|Danpure, C. J.; Jennings, P. R.; Jansen, J. H.
|Enzymological characterization of a putative canine analogue of primary hyperoxaluria type 1
|Biochim Biophys Acta
|This paper concerns an enzymological investigation into a putative canine analogue of the human autosomal recessive disease primary hyperoxaluria type 1 (alanine:glyoxylate/serine:pyruvate aminotransferase deficiency). The liver and kidney activities of alanine:glyoxylate aminotransferase and serine:pyruvate aminotransferase in two Tibetan Spaniel pups with familial oxalate nephropathy were markedly reduced when compared with a variety of controls. There were no obvious deficiencies in a number of other enzymes including D-glycerate dehydrogenase/glyoxylate reductase which have been shown previously to be deficient in primary hyperoxaluria type 2. Immunoblotting of liver and kidney homogenates from oxalotic dogs also demonstrated a severe deficiency of immunoreactive alanine:glyoxylate aminotransferase.

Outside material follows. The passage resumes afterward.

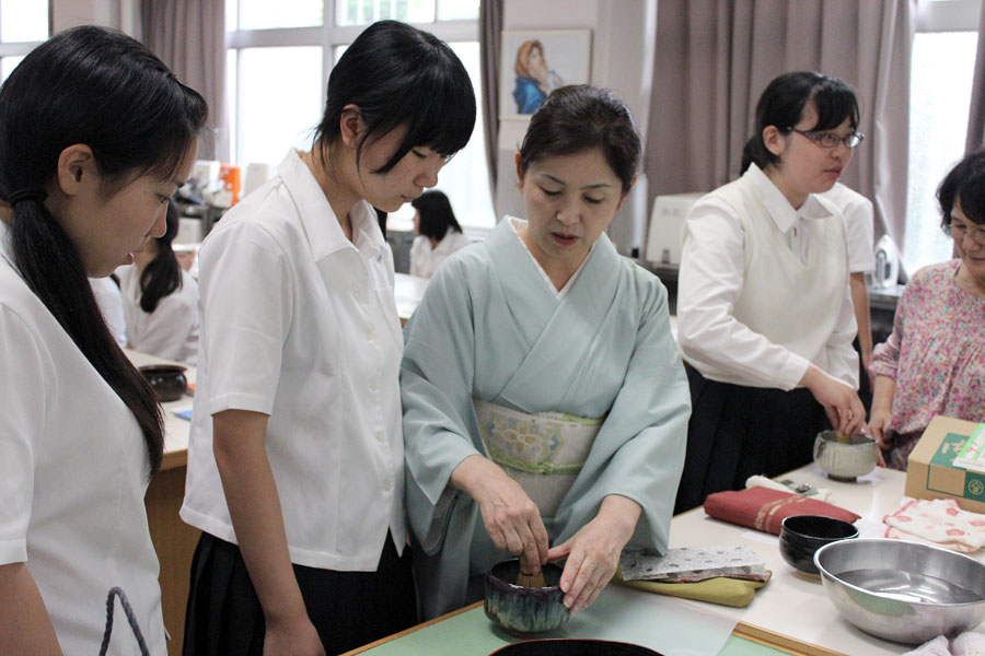 放課後の被服室、茶道のオリエンテーションが行われました。先日、学校からプリントが配布されましたが、希望者を対象に茶道が行なわれます。本日はそのオリエンテーションが行われたので、作法などもきちんとできていません。きちんと茶道を勉強するのはこれからのことになるようです。でもオリエンテーションに参加した生徒たちはとても楽しそうでした。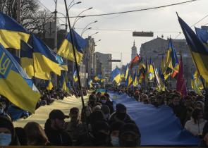 Οι διαδηλωτές στο Χάρκιβ τραγούδησαν τον εθνικό ύμνο ανεμίζοντας ουκρανικές σημαίες ή σημαίες συμμάχων που υποστηρίζουν το Κίεβο, όπως οι ΗΠΑ, η Βρετα...

The developmental expression of alanine:glyoxylate/serine:pyruvate aminotransferase was studied in the livers and kidneys of control dogs. In the liver, enzyme activity and immunoreactive protein were virtually undetectable at 1 day old, but then increased to reach a plateau between 4 and 12 weeks. During this period the activity was similar to that found in normal human liver. The enzyme activities and the levels of immunoreactive protein in the kidneys were more erratic, but they appeared to increase up to 8 weeks and then decrease, so that by 36 weeks the levels were similar to those found at 1 day. The data presented in this paper suggest that these oxalotic dogs have a genetic condition that is analogous, at least enzymologically, to the human disease primary hyperoxaluria type 1.